Abstract
Low plasma levels of cholesterol carried by high-density lipoprotein (HDL) particles are firmly established as a major cardiovascular risk factor. Paradoxically, cardiovascular mortality is also elevated at extremely high levels of HDL cholesterol. Furthermore, genetic epidemiology often does not support a causal relationship between HDL cholesterol and cardiovascular risk.
HDL particles contain multiple protein and lipid components and are highly heterogeneous in their metabolism, structure and biological function. Small, dense, protein-rich HDLs display elevated anti-atherogenic activities as compared to large, light, lipid-rich particles.

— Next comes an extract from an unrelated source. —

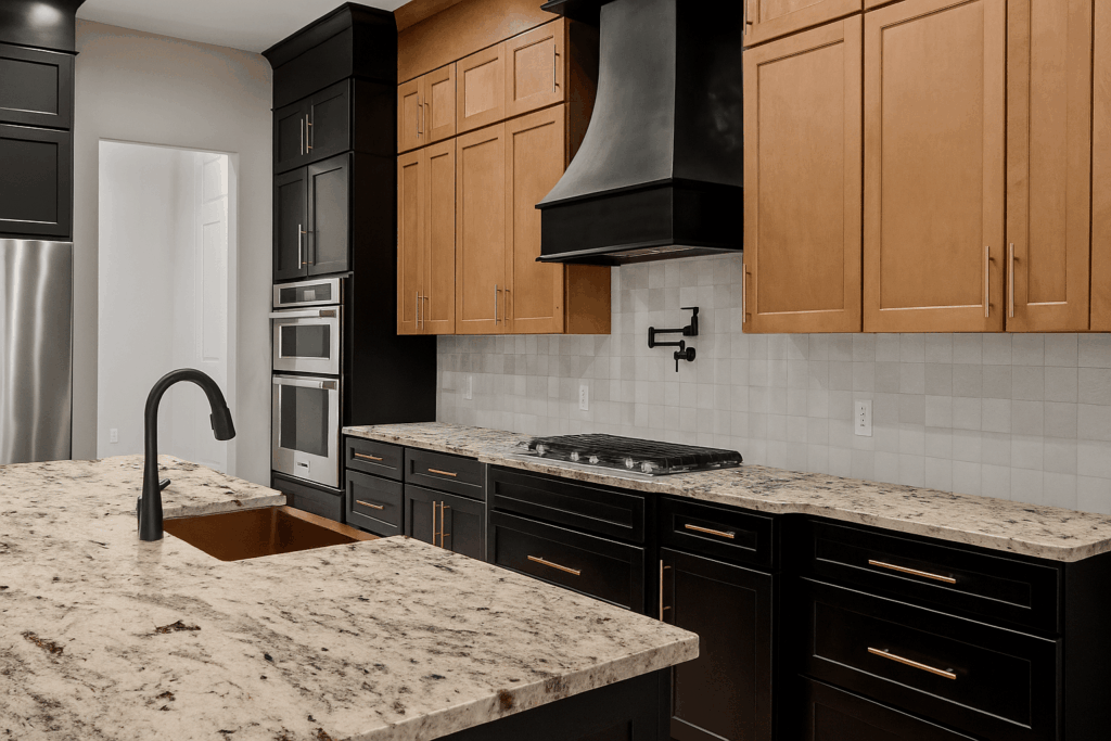 Start with your cabinet color, lighting, and overall design style. Lighter kitchens often pair well with warm beige or white granite, while darker kitchens can handle deeper hues like black granite or blue-gray tones. Bring samples and test under your kitchen lighting if possible.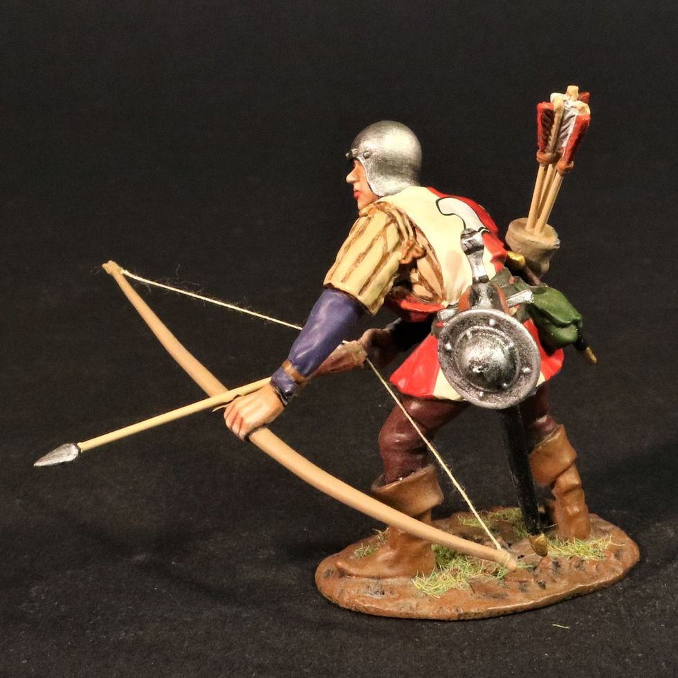 THE WARS OF THE ROSES 1455-1487 The Wars of the Roses were a series of dynastic wars for the throne of England. They were fought between supporters of two rival branches of the royal House of Plantagenet, the houses of Lancaster and York. They were fought in several sporadic episodes between 1455 and 1487, although there was related fighting before and after this period. The conflict resulted from social and financial troubles that followed the Hundred Years' War, combined with the mental infirmity and weak rule of Henry VI, which revived interest in the alternative claim to the throne of Richard, Duke of York. The final victory went to a claimant of the Lancastrian party, Henry Tudor, who defeated the last Yorkist king, Richard III, at the Battle of Bosworth Field. After assuming the throne as Henry VII, Henry Tudor married Elizabeth of York, the eldest daughter and heiress of Edward IV, thereby uniting the two claims. The House of Tudor ruled England and Wales until 1603. THE BATTLE OF BOSWORTH FIELD 1485The Battle of Bosworth (or Bosworth Field) was the last significant battle of the Wars of the Roses, the civil war between the Houses of Lancaster and York that raged across England in the latter half of the 15th century. Fought on 22 August 1485, the battle was won by the Lancastrians. Their leader Henry Tudor, Earl of Richmond, by his victory became the first English monarch of the Tudor dynasty. His opponent, Richard III, the last king of the House of York, was killed in the battle. Historians consider Bosworth Field to mark the end of the Plantagenet dynasty, making it a defining moment of English and Welsh history. LIVERIES AND BADGESBy the time of the Wars Of The Roses, badges were of considerable importance. These along with the Livery Colours were closely associated with what was then known as Livery and Retaining (Bastard Feudalism). The badges were rarely worn by their owners, for they were marks of ownership. They were, however, worn by his servants, house-hold men, retainers, and probably temporarily by the adherents to his cause. So great and extensive was the use of these badges, that they were far more generally employed than the coat of arms. For where a man’s badge would be common knowledge and bear some repute throughout the kingdom, few people would know what his coat of arms looked like. HERALDIC BANNERS, BANNERS AND STANDARDS There were 3 main types of flags used during the Wars of The Roses. The largest was known as the Heraldic Banner, and was used solely for displaying the coats of arms. This was normally square and made with stiffened buckram with a batton along the top. Therefore it was always on the fly, so the standard bearer did not have to wave the banner about, which gave him a spare hand in which he could brandish a weapon, so he would be able to defend himself and the banner. The Banner was a smaller version of the Heraldic Banner, and usually only carried one large badge or device. The field was often in the colour of the livery, but this was not a rule. The third type was known as a standard, and was a long swallow tailed style. In an effort to destroy Henry Tudor, Richard decided to leave his position on Ambion Hill, leading his household retainers down the slope, thundering towards Henry’s men with levelled lances. A few of the key personalities involved in King Richard’s heroic last charge will be available in the summer. King Richard III and his standard bearer, Sir Percival Thirlwall, charge towards Henry Tudor and his standard bearer William Brandon. King Richard III (2 October 1452 – 22 August 1485) was King of England from 1483 until his death in 1485, at the age of 32, in the Battle of Bosworth Field. He was the last king of the House of York and the last of the Plantagenet dynasty. His defeat at Bosworth Field, the last decisive battle of the Wars of the Roses, marked the end of the Middle Ages in England. Thomas Howard was an English nobleman, soldier and statesman who served four monarchs. He was the eldest son of John Howard, 1st Duke of Norfolk, by his first wife Catharina de Moleyns. The Duke was the grandfather of both Queen Catherine Howard and the great grandfather of Queen Elizabeth I. In 1513 he led the English to victory over the Scots at the decisive Battle of Flodden, for which he was richly rewarded by King Henry VIII, who was away in France at the time. Scale: 1/30Material: Pewter alloy, resin and synthetic fiberReleased Date: April 2022

HDL metabolism and function are altered in both low and extremely high HDL cholesterol (HDL-C) states. Low HDL-C levels are typically accompanied by reduced circulating levels of large HDL and deficient biological activities of small HDL particles. Reduced capacity of HDL to efflux cholesterol from lipid-loaded macrophages is associated with both the presence of cardiovascular disease and the risk of future cardiovascular events. However, therapeutic HDL-C raising, which predominantly increases levels of large HDL, have repeatedly failed to reduce cardiovascular events in patients treated with statins. Such flagrant controversy between classic epidemiology, genetic epidemiology and clinical trials needs to be urgently resolved in order to allow further development of HDL-targeting therapies.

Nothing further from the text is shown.